Figure 7a shows the raw supply–demand gap without any repositioning measures. It is evident that demand significantly exceeds supply in several hexagonal regions in the lower left corner (colored red), while the rest of the region is predominantly blue, indicating that supply is higher than demand. In contrast, Figure 7b illustrates the demand–supply gap after repositioning. The differences for each cell are also labeled by black numbers. The repositioning strategy, which reallocates idle vehicles from low-demand areas to high-demand areas, results in a more balanced overall supply–demand situation.

The values and color transitions in both figures clearly demonstrate the effective optimization effect of the MADARL algorithm on balancing supply and demand. Compared to the original supply–demand distribution, the repositioned plots show a significant reduction in the supply–demand gap in regions with high demand (e.g., the lower left corner), further validating the effectiveness of the repositioning strategy.

6.6. Ablation Experiments

The purpose of this ablation experiment is to verify the independent contributions of the local and global attention mechanisms in the MADARL algorithm. To achieve this, four experimental groups have been established to compare the effects of different attention mechanisms, providing insights into how each mechanism enhances the model’s performance in large-scale taxi fleet relocation tasks.

The four experimental groups are as follows:

(1) Control Group: This group serves as the baseline algorithm, without the implementation of any attention mechanism. It represents the standard model that does not incorporate attention mechanisms, providing a reference for evaluating the impact of the different experimental strategies.

(2) Experimental Group 1 (SA): In this group, the MADARL algorithm is improved by adding only the local attention mechanism to the baseline algorithm. This group allows us to observe the effect of focusing attention on local regions of the supply–demand space, which may improve the algorithm’s ability to respond to local variations in demand and supply.

(3) Experimental Group 2 (GC): This group incorporates only the global attention mechanism into the MADARL algorithm. The global attention mechanism allows the model to account for the overall distribution of supply and demand across the entire region, potentially optimizing the global scheduling strategy. This experiment helps to assess the impact of global attention on the model’s performance.

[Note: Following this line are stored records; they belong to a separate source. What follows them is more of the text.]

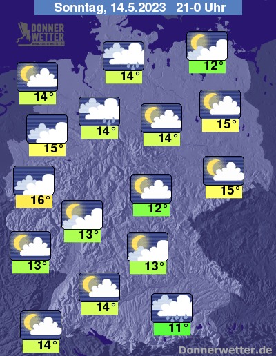 Die Temperaturen fallen bis Mitternacht auf Werte um 16 Grad in der Kölner Bucht und 11 Grad im Berchtesgadener Land.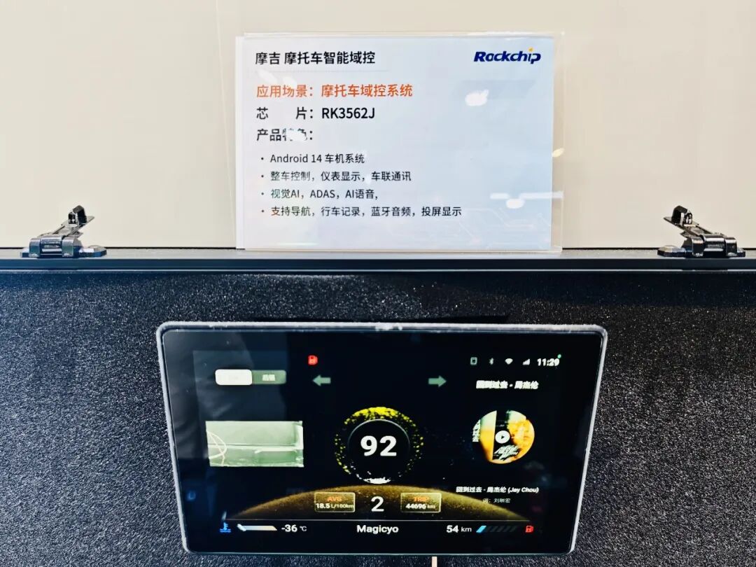 在备受瞩目的智能座舱展区,瑞芯微展出两辆实车搭建的体验场景,观众可沉浸式感受国产车规级芯片的性能实力。基于RK3588M的单芯片舱网域控车型已实现量产,提供94K DMIPS 6TOPS算力,用于AI智能中控与副驾影音交互应用,集成高清Car-DVR、AVM、DMS和OMS等摄像头,端侧部署的AI识别和AI大模型部署能力,大幅提升舱驾融合的交互体验。RK3588M具备突出的3D渲染能力,在1080P的曼哈顿离屏ES3.0测试中可达平均128fps,支持城市NOA和泊车APA的流畅呈现,并集成HUD、AI副驾屏、流媒体后视镜、投影大灯等功能。
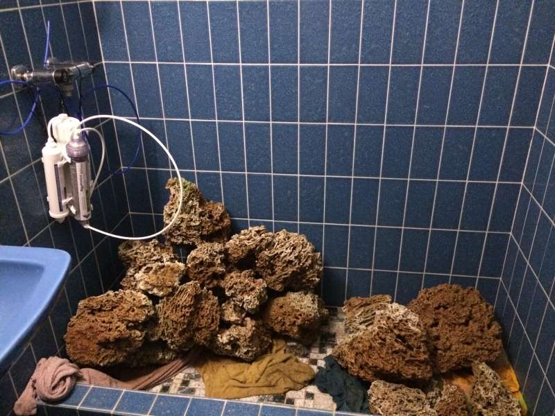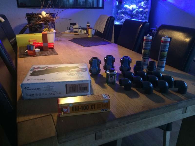 Akvarie bordet er bygget af en kammerat og så er det blevet galvaniseret, gulvet er skæret op så bordet kan stå på betonen, planen er det skal dækkes til igen. Af teknik kommer der en Upflow Alge Scrubber anordning i sumpen med DSB, har reserveret en MaxSpect Gyro pumpe til når de kommer til landet, har opgraderet min LED lampe med nye linser, og en masse andet.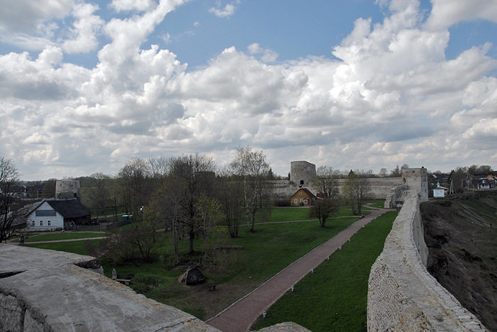 Собственно вид с башни на внутренности крепости. Высота на картинке не ощущается, но она есть и еще какая.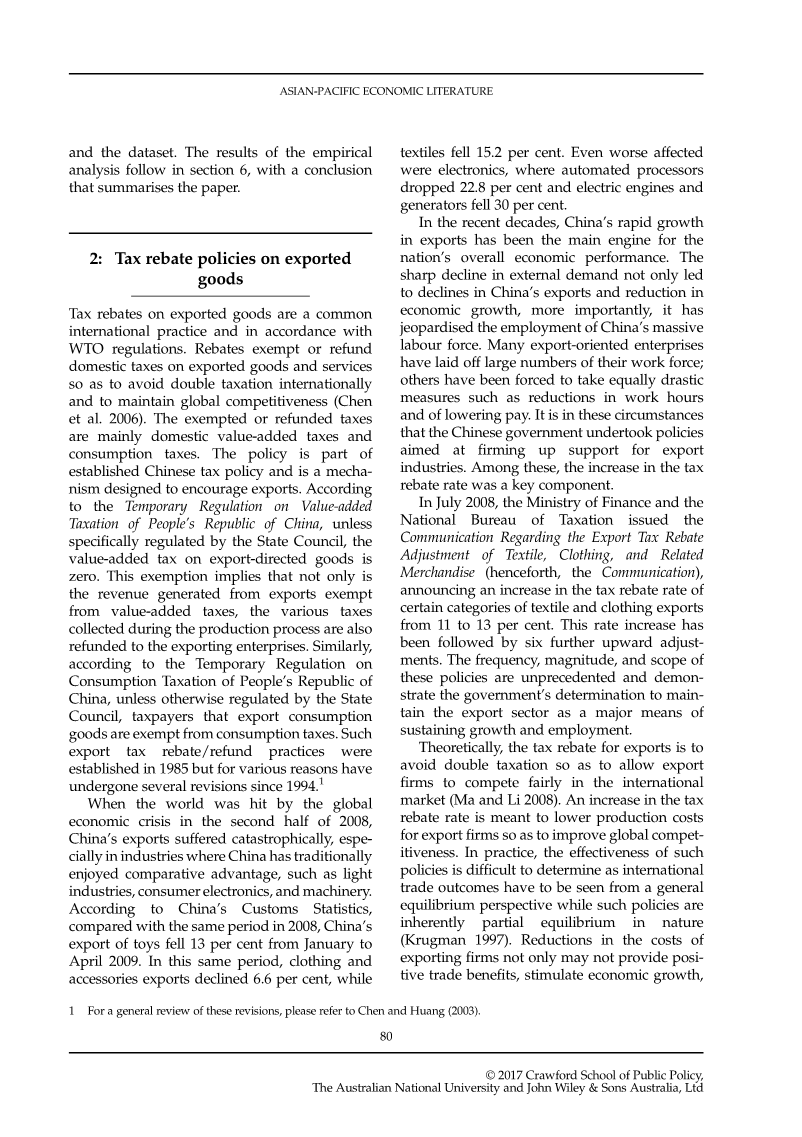 2008年7月,国务院财政部和国家税务总局联合宣布,从2008年8月1日,出口退税税率的某些纺织和服装产品从11上调至13%。纺织和服装行业包括14个类别,列为50到63下协调系统(HS)两位数分类系统。退税率为56、60、61和62的货物都提高了退税率,而57和58类货物的退税率都没有提高。至于其他八类,每一类中有一些商品的退税率提高了,而其他的则没有。这一政策是对退税政策所提出的自然实验的分析。首先,政府作为应对全球经济危机的政策工具,启动了对退税率的调整,而不是直接与绩效挂钩。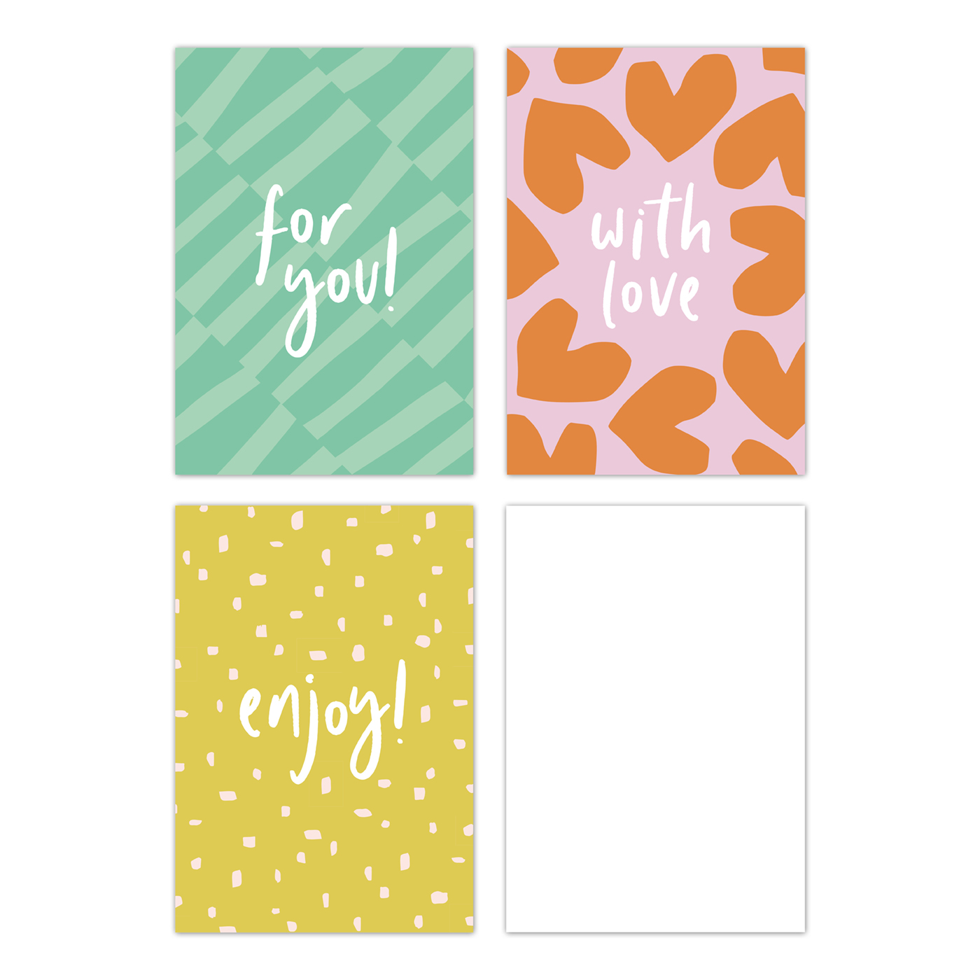 7,4×10,5cm (A7). Enkelzijdig bedrukt, voorzien van goudfolie. 350 grams papier. 30 stuks, 10 van ieder. Advies verkoop per stuk € 0,75.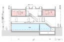 向山博 / 向山建築設計事務所による、東京の「三鷹台ストリート」。駅前のバスターミナルと通りに面した店舗併設の集合住宅。ランドマークであり2つの用途が“協調しあう”在り方を目指し、外周の構造壁を千鳥状にずらして重ねる外観を考案。街への貢献も意図し滞在空間等を設ける断面図 image©向山建築設計事務所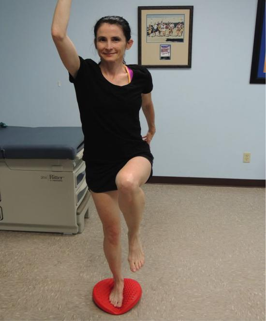 单腿站立,然后提膝,摆臂,呈跑步姿势,保持30秒,换腿,继续保持30秒。如果觉得很轻松,可以增加难度,在脚底放一个让你不平衡的垫子。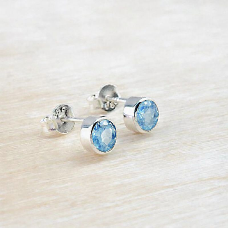 - Cerceii din argint cu topaz albastru rotund, fațetat, sunt o alegere rafinată pentru femeile care apreciază bijuteriile delicate.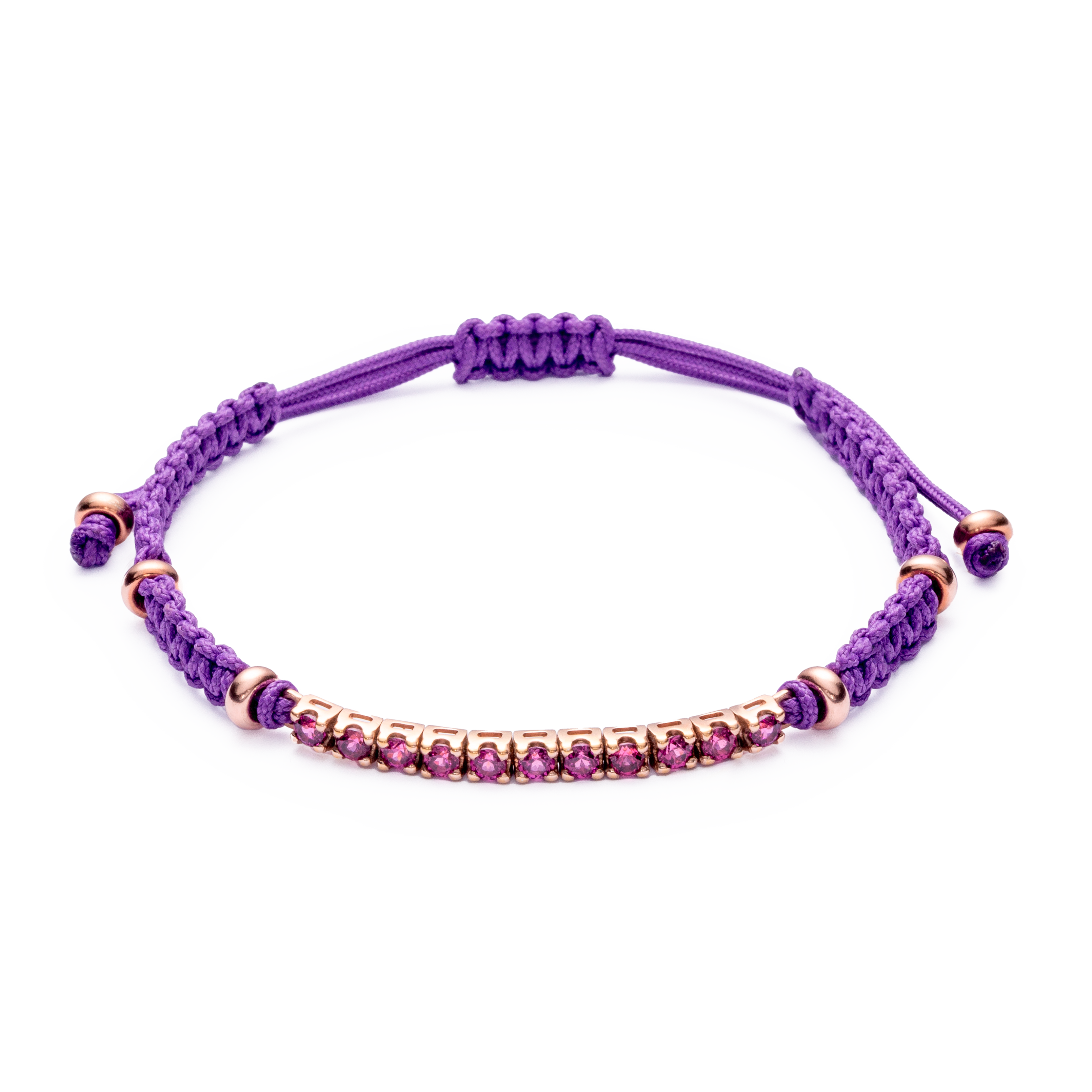 18K rose gold bracelet, rhodolite, riviere, Adjustable nylon cord from 15cm to 25cm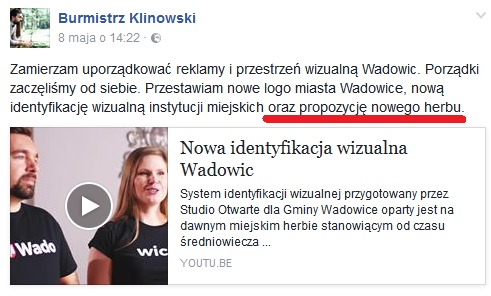 Ale zaraz… o tym, że herb będzie zmieniany, wiemy przecież od samego burmistrza, który chwalił się tym na Facebooku dwa tygodnie temu.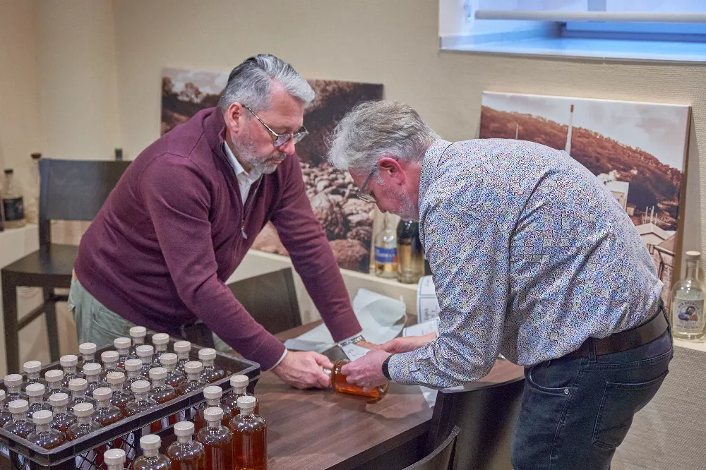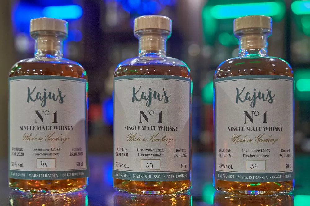 1. Homburger Single Malt WhiskyÖffnung des Fasses erfolgte in Kaju´s Genusswelt am Homburger Marktplatz09.11.2023Endlich war es so weit: Nach 3 Jahren und 4 Tagen des Wartens wurde am 28. Oktober 2023 das 30 Liter Whiskyfass mit dem 1. in Homburg hergestellten Single Malt Whisky in Kaju´s Genusswelt geöffnet. Freunde, Bekannte, Kunden und Genießer des erlesenen Gold-Juice waren um 11.00 Uhr morgens bei Jürgen Kasterka erschienen, um Zeuge des lang ersehnten feierlichen Hammerschlags zur Fassöffnung zu sein. Matthias Rosinski von der Firma SaarWhisky hatte vor 3 Jahren eigens für das Whisky-Schau-Brennen in Kaju´s Genusswelt eine kleine Pot-Still Destillierblase aus Kupfer mitgebracht und zusammen mit Herrn Kasterka ein 30 Liter Fass mit dem eigens an diesem Tag gebrannten "Newmake" befüllt (wir berichteten). Nach 3 Jahren der Fassreife war es für den 1. Homburger Single Malt Whisky nun endlich Zeit, das Licht der Welt zu erblicken. Nachdem Herr Kasterka das Fass geöffnet hatte, führte Matthias Rosinski von der Firma SaarWhisky sogleich die Messung des Alkoholgehalts durch. Stolze 74 % vol. konnten verzeichnet werden. Neben einer durchweg schönen Farbe konnten alle anwesenden Szenekenner zudem auch einen unbeschreiblich guten Duft feststellen. "Ein fruchtiger Single Malt - nicht getorft. Er hat jetzt schon eine schöne Veresterung und tolle Fruchtnoten", führte Herr Rosinski aus. Mit Homburger Wasser wurde der starke Whisky dann auf genussübliche 50 % vol. herunter reduziert. Davor und danach verköstigten die Gäste den Originalwhisky in Fassstärke und den fertigen zur Flaschenabfüllung. "Vordergründig hat der Whisky jetzt noch eine gewisse Alkoholnote, die nach einiger Zeit weggehen wird, bis der Geschmack wieder einheitlich ist. Dies geschieht sobald sich nach der Herunterreduzierung die Alkohol- und Wassermolekülketten wieder zusammensetzen”, so der Fachmann Rosinski. Herr Kasterka meint: "Auf 50 % Vol. hat der Whisky noch einen guten Geschmack, da Alkohol ja ein Geschmacksträger ist, und er sonst in Fassstärke (70 % Vol.) zu scharf wäre”. Er ist mit dem Ergebnis nach der langen Wartezeit durchweg zufrieden – genau wie seine Mitstreiter an diesem Morgen. Im Anschluss an die Herunterreduzierung wurden insgesamt 48 Flaschen mit einer speziellen Vakuumfüllmaschine auf genau 0,5 Liter abgefüllt, dann verkorkt, mit einer Schrumpfkapsel versiegelt und abschließend eigenhändig von Herrn Kasterka gelabelt. Die Anwesenden waren allesamt begeistert ob des gut gelungenen 1. Homburger Whiskys und haben nun durch ihre Teilnahme bei der Fassöffnung eine schöne Erinnerung erfahren dürfen. Kommendes Highlight bei Kaju´s Genusswelt wird wohl eindeutig wieder der “Whisky-Adventskalender” sein, der jetzt schon vorbestellbar ist und ein außerordentliches Geschenk für Whiskyliebhaber darstellt. Bilder: Chris Ehrlichzur Übersicht Sie möchten eine Werbeanzeige schalten?Rufen Sie uns gerne unter +49 (0) 68 41 / 61 40 5 an oder nutzen Sie unser Kontaktformular.BagatelleDie Homburger StadtzeitungSeit Oktober 2019 bieten wir Ihnen auch an, die Bagatelle online zu lesen. Klicken Sie einfach auf den unten stehenden Link, um dann kostenfrei die Bagatelle als PDF lesen zu können. Um künftig noch schneller und aktueller zu sein, werden wir auch online für Sie noch präsenter sein. Viel Spaß wünscht Ihnen das Team der Homburger Stadtzeitung! Online-Ausgabe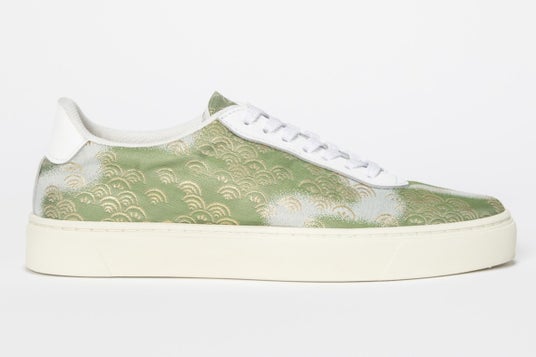 日本の伝統美と現代技術の融合:西陣織金襴カップソールスニーカー。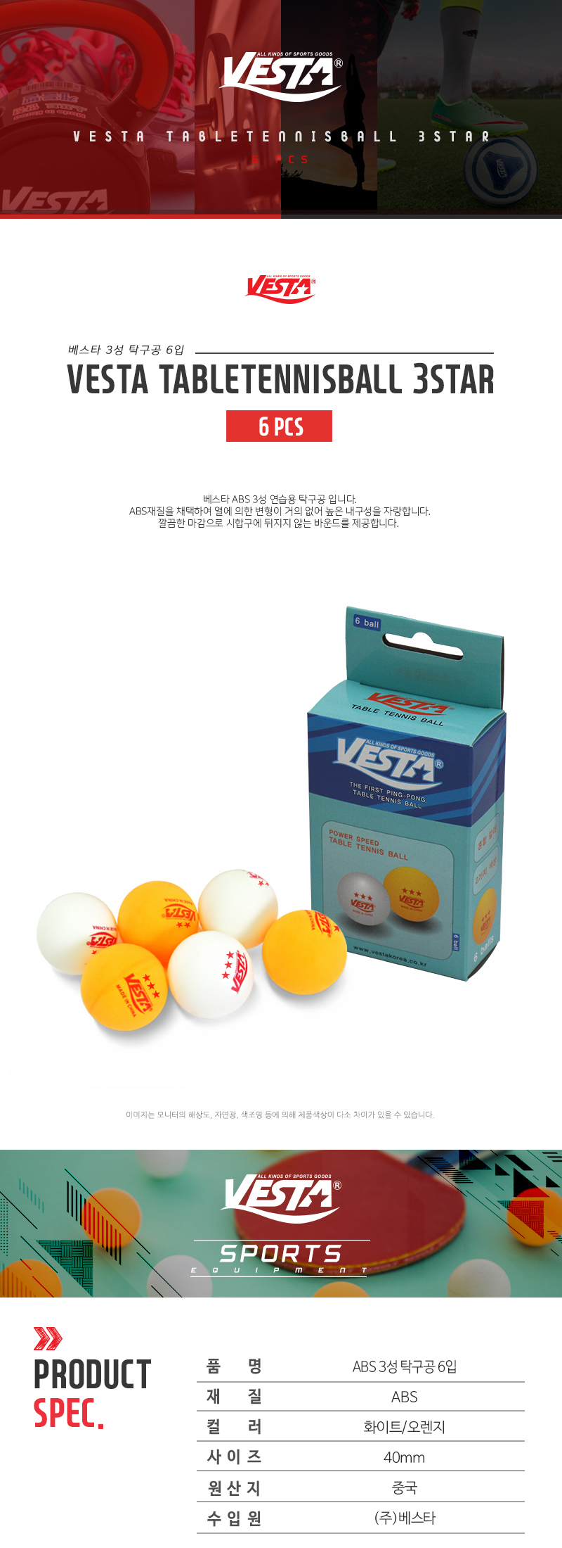 ■ 품명 및 모델명 : 탁구공 (6입)(베스타)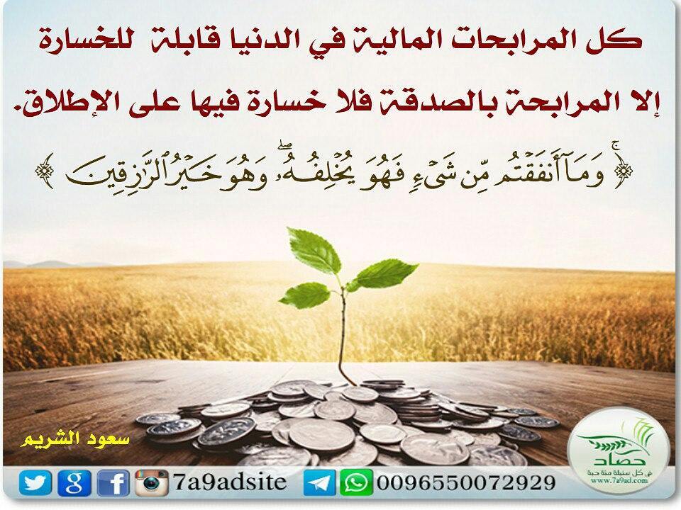 كل المرابحات المالية في الدنيا قابلة للخسارة الا المرابحة بالصدقة فلا خسارة فيها علي الاطلاق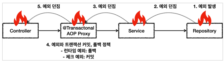 예외가 발생했는데, 내부에서 예외를 처리하지 못하고, 트랜잭션 범위( @Transactional가 적용된 AOP ) 밖으로 예외를 던지면 어떻게 될까?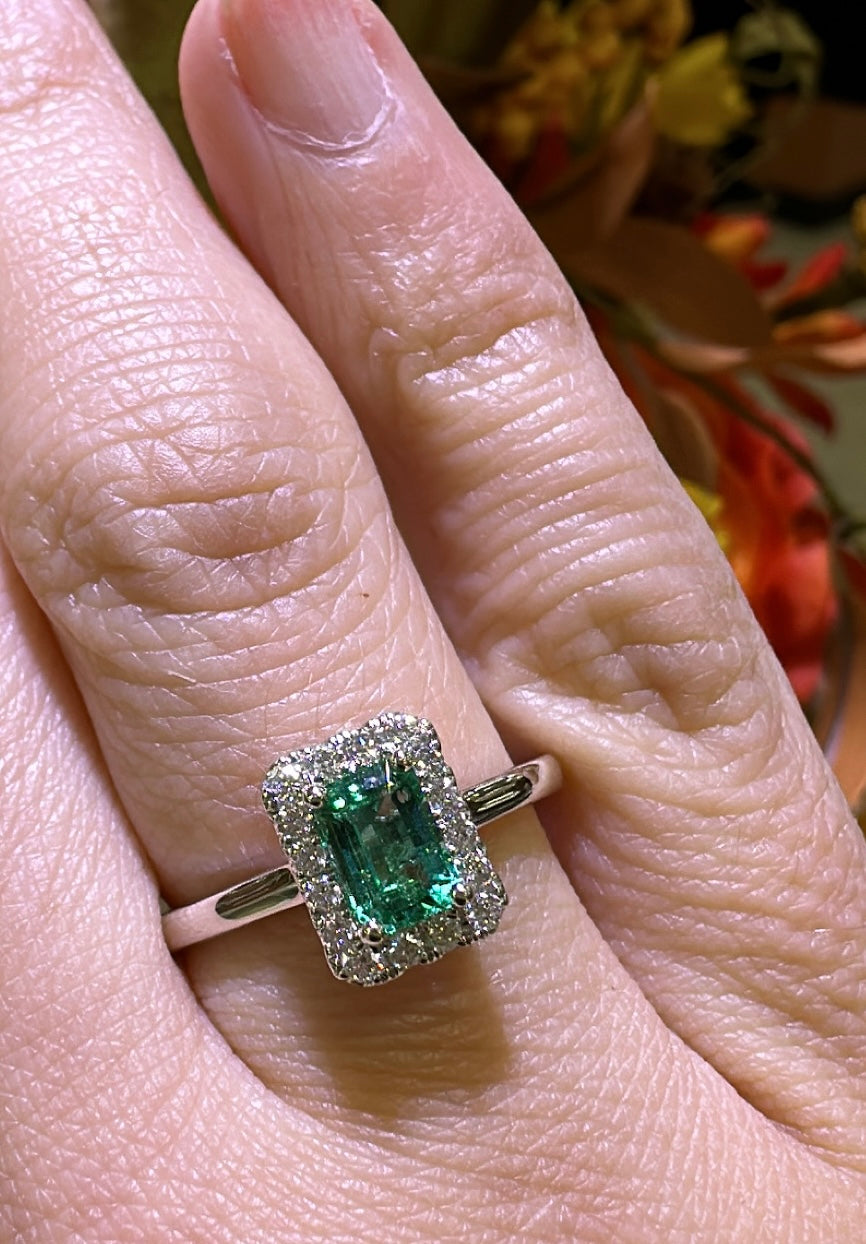 This stunning 0.75carat emerald-cut Emerald and diamond ring will make heads turn with its elegant design and sparkling gemstones. The vibrant green emerald is complemented by dazzling diamonds.

(4) Experimental Group 3 (SA-GC): This group represents the MADARL algorithm, which combines both the local and global attention mechanisms. It uses a hybrid dual-attention approach, which aims to optimize both local scheduling decisions and global supply–demand balance, reflecting the full capacity of the proposed MADARL algorithm.

The results of these experimental groups, as shown in Table 3, provide a detailed comparison of the performance of the algorithm on different scales of the taxi fleet (6000, 8000, and 10,000 vehicles). By comparing the ORR, PCR, and CI for each group, we can visualize the relative performance of the MADARL algorithm with different attention mechanisms and determine the contributions of each attention mechanism to the overall scheduling effectiveness.

6.7. Analysis of Ablation Experiment Results

The experimental results for the baseline group indicate that both the Order Response Rate (ORR) and Platform Cumulative Revenue (PCR) increase as the system size grows. For instance, at a scale of 10,000 taxis, the ORR improves from 48.67% at 6000 vehicles to 96.34%, while the PCR rises from 121.94 to 144.56. However, the increase in the Composite Index (CI) is relatively modest, only rising from 2.37 to 39.5. This suggests that, although the baseline algorithm shows some improvement in handling a larger volume of orders, it does not lead to significant enhancements in overall scheduling efficiency and strategy optimization. Consequently, there remains considerable room for improvement in optimizing the scheduling process.

Experimental Group 1 (SA), which integrated the local attention mechanism, demonstrated substantial improvements across all evaluation metrics. In the 6000-vehicle task, the Order Response Rate (ORR) for SA increased from 48.67% in the baseline group to 83.82%, while the Platform Cumulative Revenue (PCR) rose from 121.94 to 122.26 and the Composite Index (CI) improved from 2.37 to 7.55. In the 10,000-vehicle task, SA achieved an ORR of 96.56%, a PCR of 144.42, and a CI of 41.98, all of which were significantly higher than the baseline group. These findings underscore the effectiveness of the local attention mechanism in enhancing the local supply–demand equilibrium and optimizing response efficiency, particularly in large-scale scheduling tasks.

Experimental Group 2 (GC), which incorporates the global attention mechanism, demonstrates a significant enhancement in scheduling performance across tasks of varying sizes. For instance, in the 8000-vehicle task, the Order Response Rate (ORR) improved from 87.35% in the baseline group to 94.37%, while the Platform Cumulative Revenue (PCR) increased from 140.03 to 142.17, and the Composite Index (CI) rose from 11.06 to 25.25. In the 10,000-vehicle task, the ORR further increased to 96.94%, the PCR reached 144.66, and the CI surged to 47.27. These results demonstrate that the global attention mechanism effectively optimizes the global supply–demand balance and enhances resource allocation efficiency, leading to improved overall scheduling performance.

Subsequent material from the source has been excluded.